California Sales Tax

So this posting will probably only be of interest to Photographers in California who make a living from their photography.

I am not a sales tax professional and you should read the State Board of Equalization’s Sales Tax Regulations and Contact the State Board of Equalization to determine how you should apply sales tax to your transactions.
I am simply sharing my findings and discoveries so that you may investigate as to whether they apply to you!
Do not rely on this information for your business without first verifying all information with the State Board of Equalization!

(You know… it’s really stupid that we have to do things like the above, because of those select few that never want to take personal responsibility for themselves or their actions!) I am now stepping down from my soapbox and returning to our previously scheduled discussion.

So I just recently found out information that I wanted to share so that if you were also “slightly out of the loop” you could benefit as well!

Whether or not you are aware of this.. You are required to charge sales tax on any photographic job you charge for.
The regulations are somewhat convoluted but to put it in basic terms you are required to charge sales tax on the bottom line of your invoice, all charges, including your fee and all expenses related to the job that you charge for.

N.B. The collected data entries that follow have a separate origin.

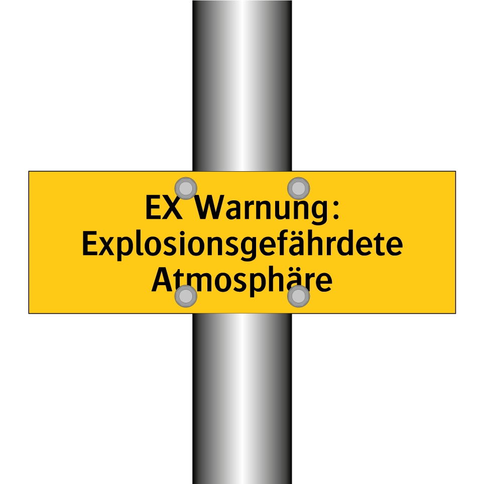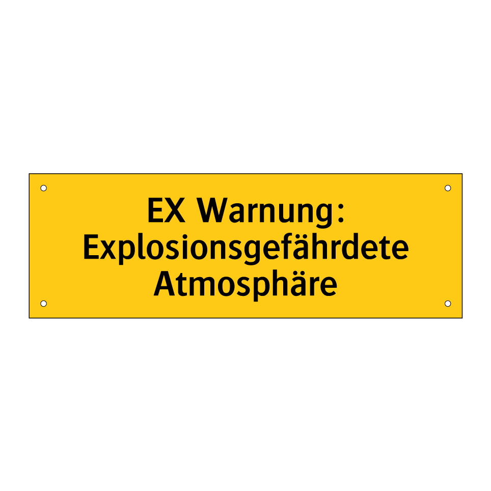 Warnschild mit dem Text EX Warnung: Explosionsgefährdete Atmosphäre
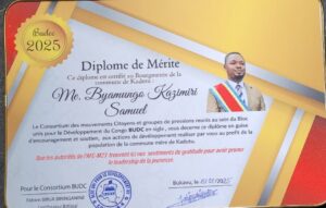 Le Bloc Uni pour le Développement du Congo (BUDC), regroupant plusieurs mouvements citoyens et groupes de pression, a honoré Maître Byamungo Kazimiri Samuel, Bourgmestre de la commune de Kadutu, à Bukavu, chef-lieu du Sud-Kivu en lui décernant un diplôme de mérite. Cette distinction vient saluer son engagement et ses réalisations concrètes en matière de développement local.
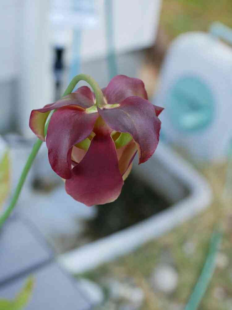 初めて買ったサラセニアで、プルプレア系の交配種だと思われます。
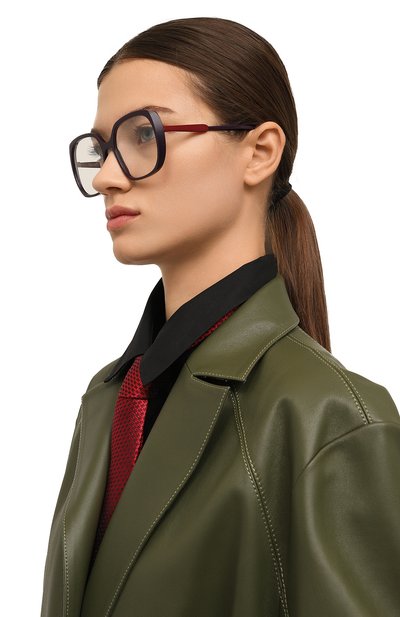 Для изготовления лаконичной синей оправы из коллекции Blush использовали разные по фактуре материалы. Крупную квадратную рамку выполнили из легкого глянцевого ацетата, а для фигурных узких дужек, наполовину окрашенных в персиковый оттенок, использовали прочный сплав.
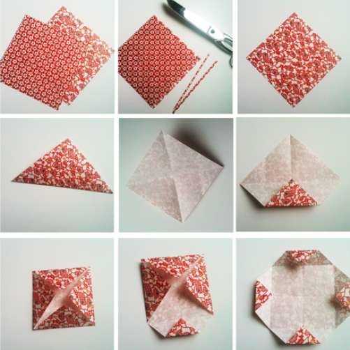 Нам понадобится цветной тонкий картон для творчества, клей, ножницы и схема-инструкция для сборки. Из прямоугольного листа картона нужно сделать квадрат. Провести диагонали и наметить точку их пересечения. Каждый угол квадрата сложить к точке и наметить линию сгиба. Далее по схеме наметить все остальные линии сгиба. У нас получается лист с намеченными квадратиками. Внимательно по схеме делаем надрезы по углам квадрата, складываем и склеиваем стороны коробки. Чтобы сделать крышку повторяем тоже самое.

Exceptions have historically been if the job is billed and delivered out of state, or if it is for resale and the client delivers a valid signed resale card to you.

Well there is a new exception in town! And it is called Electronic Transfer of Artwork. What this means is that if you deliver your images to a client via FTP / Over the Internet, you may not have to charge sales tax. Again you need to do your due diligence and investigate and verify this on your own, but here is how it went down for me.

As long as I do not deliver ANYTHING tangible, I do not have to charge sales tax. Now that means ANYTHING at ANYTIME! If I deliver all the images from a shoot over the web and then a month later the client wants a print, I have to charge sales tax on the ENTIRE JOB. If I deliver everything over the web and the client wants a physical proof sheet, (not a .pdf) then I have to charge sales tax on the ENTIRE JOB. But if they take delivery of EVERYTHING over the web including .pdf proof sheets, etc. then I do not have to charge sales tax.

Now in the scheme of things it is not like it is any money out of my pocket as the client pays for it all anyway, but by offering this option to clients I can offer them the job for 8.25% less. And on big jobs this can really add up! It also makes me look good for trying to find my clients ways to save money! And I am all about trying to help my clients in any way I can, that way they hopefully keep coming back. We are after all a service industry.

Now I did a lot of letter writing and phone calling to the SBE to verify all of this and they like to cover their own ass and say that the “guidelines” they give offer you no protection in an audit (weasels! – I mean come on! They can’t even commit to their own regulations but force us to be accountable for them!!). But I was just audited and on multiple instances this indeed held up. I am in fact getting a REFUND of sales tax for a job that was deemed to be not a sale of tangible property. (The $ actually belongs to the client who then used it for more photography – with me!)

The regulation that addresses this is Regulation 1540 – check it out.

I also just filed my quarterly tax return this week….. WITH ZERO DUE!